The larger the degree of a Taylor polynomial, the better it approximates the function. See that in action with sin(x) and its Taylor polynomials. Created by Sal Khan.

## Want to join the conversation?

- So we can approximate any function using Taylor expanison and derive it's polynomial representation.

Is it possible to approximate any function using a formula of sine curves?(40 votes)- yes. Look into the Fourier series. it has a lot of applications like electrical engineering. the wikipedia page has snapshots of how the sum of sine functions can add up to a sawtooth wave, square wave or whatever...(54 votes)

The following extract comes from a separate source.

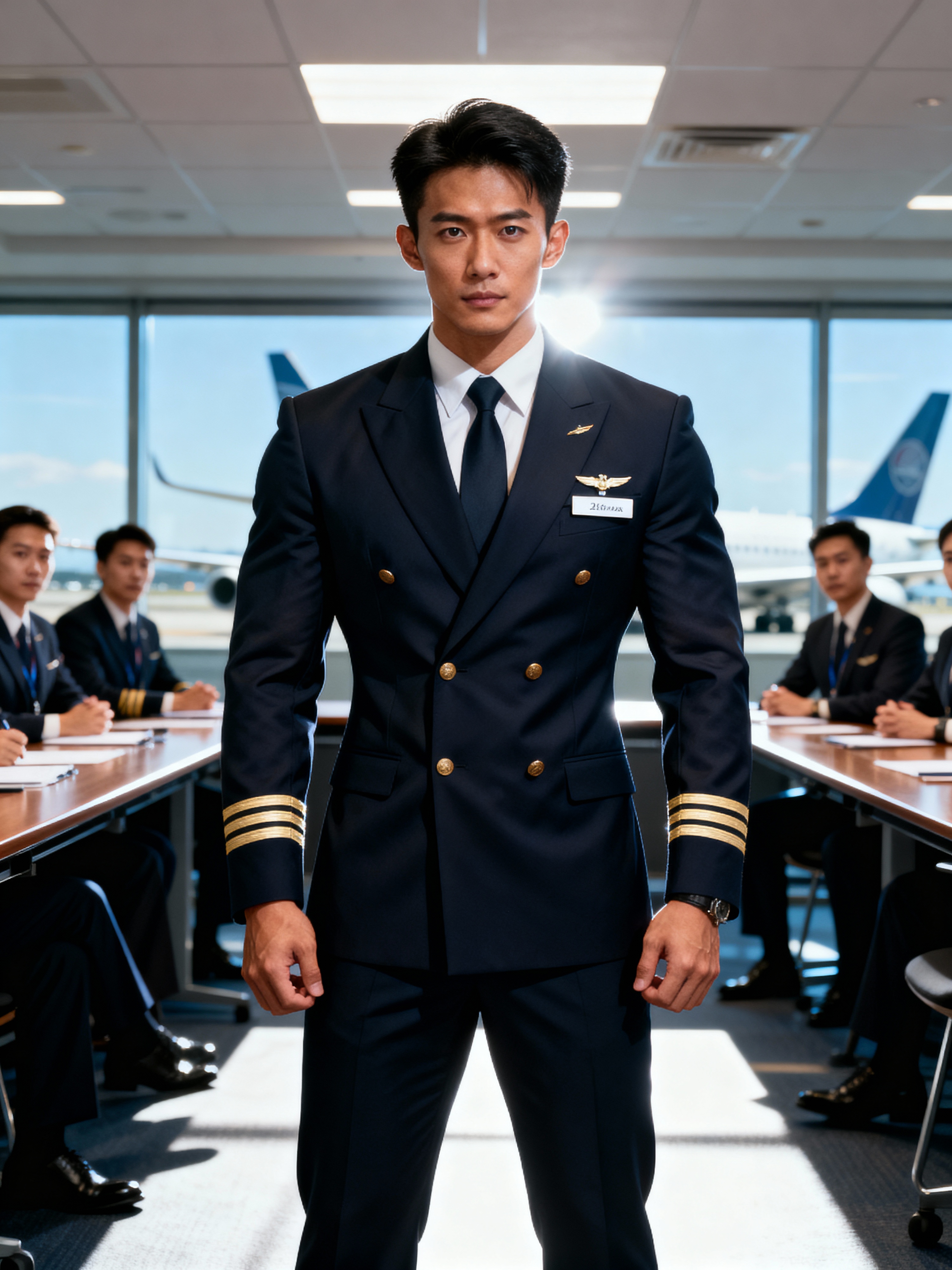 model as a flight attendant at airport briefing room, wearing an imposing figure in a sharp flight attendant uniform with name tag and muscular frame, preparing for flight with colleagues

- I think I get how the Taylor/Maclaurin series works, so can somebody tell me if my thinking is correct:

The infinite series works because we build into the polynomial an infinite chain of derivatives of the original function. It gives the value of the function at a certain point, and also the rate the function is changing at that point (1st der.), and also the way that change is changing (2nd der.), and the way that the change that changes the rate of change is changing (3rd der.), ad infinitum, so that we essentially have a "seed" that gives us the entire function just from that point. Am I thinking along the right lines?(39 votes)- Yes, that's basically how the Maclaurin and Taylor series work. Good job on figuring that out!(21 votes)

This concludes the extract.